= Beginning of Section =

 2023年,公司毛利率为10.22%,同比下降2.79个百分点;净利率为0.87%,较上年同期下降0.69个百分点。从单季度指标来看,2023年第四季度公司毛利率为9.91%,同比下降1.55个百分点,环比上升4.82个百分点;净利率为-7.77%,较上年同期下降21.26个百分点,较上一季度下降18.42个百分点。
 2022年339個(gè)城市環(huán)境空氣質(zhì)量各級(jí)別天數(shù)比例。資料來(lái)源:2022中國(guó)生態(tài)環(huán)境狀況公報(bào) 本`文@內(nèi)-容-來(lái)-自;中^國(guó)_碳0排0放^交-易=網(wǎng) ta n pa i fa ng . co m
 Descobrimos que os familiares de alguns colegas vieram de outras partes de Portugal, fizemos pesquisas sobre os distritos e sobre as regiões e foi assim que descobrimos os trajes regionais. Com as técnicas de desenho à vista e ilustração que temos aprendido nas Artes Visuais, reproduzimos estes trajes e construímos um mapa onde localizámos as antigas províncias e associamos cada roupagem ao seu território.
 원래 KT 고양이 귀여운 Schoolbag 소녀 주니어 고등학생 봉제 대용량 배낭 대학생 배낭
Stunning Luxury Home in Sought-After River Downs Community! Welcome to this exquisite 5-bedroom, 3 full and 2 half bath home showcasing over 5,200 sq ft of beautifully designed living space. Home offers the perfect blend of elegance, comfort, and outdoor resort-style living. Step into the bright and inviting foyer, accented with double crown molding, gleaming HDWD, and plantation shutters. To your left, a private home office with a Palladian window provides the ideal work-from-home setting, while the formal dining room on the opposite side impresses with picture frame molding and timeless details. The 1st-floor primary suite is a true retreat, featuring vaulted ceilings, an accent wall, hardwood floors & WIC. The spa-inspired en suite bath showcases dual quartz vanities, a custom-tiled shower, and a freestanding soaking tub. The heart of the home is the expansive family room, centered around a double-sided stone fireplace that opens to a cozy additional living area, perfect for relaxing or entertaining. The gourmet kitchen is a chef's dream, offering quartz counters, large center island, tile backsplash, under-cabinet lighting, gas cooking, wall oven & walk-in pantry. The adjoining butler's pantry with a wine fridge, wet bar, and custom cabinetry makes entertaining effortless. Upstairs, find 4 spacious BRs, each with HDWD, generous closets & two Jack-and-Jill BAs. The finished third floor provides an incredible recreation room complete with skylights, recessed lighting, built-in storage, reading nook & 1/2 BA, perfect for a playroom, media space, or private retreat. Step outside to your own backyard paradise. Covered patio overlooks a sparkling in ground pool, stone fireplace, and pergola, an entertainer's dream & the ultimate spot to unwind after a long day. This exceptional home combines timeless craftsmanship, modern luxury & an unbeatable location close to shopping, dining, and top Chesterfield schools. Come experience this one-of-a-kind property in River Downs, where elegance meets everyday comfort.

= End of Section =

> **Problem**
From the listing above, return the lines starting at the one with "fa ng . co m" and ending at the one with "원래 KT 고양이 귀여운", both kept, exactly as they appear and nothing more.

> **Result**
 2022年339個(gè)城市環(huán)境空氣質(zhì)量各級(jí)別天數(shù)比例。資料來(lái)源:2022中國(guó)生態(tài)環(huán)境狀況公報(bào) 本`文@內(nèi)-容-來(lái)-自;中^國(guó)_碳0排0放^交-易=網(wǎng) ta n pa i fa ng . co m
 Descobrimos que os familiares de alguns colegas vieram de outras partes de Portugal, fizemos pesquisas sobre os distritos e sobre as regiões e foi assim que descobrimos os trajes regionais. Com as técnicas de desenho à vista e ilustração que temos aprendido nas Artes Visuais, reproduzimos estes trajes e construímos um mapa onde localizámos as antigas províncias e associamos cada roupagem ao seu território.
 원래 KT 고양이 귀여운 Schoolbag 소녀 주니어 고등학생 봉제 대용량 배낭 대학생 배낭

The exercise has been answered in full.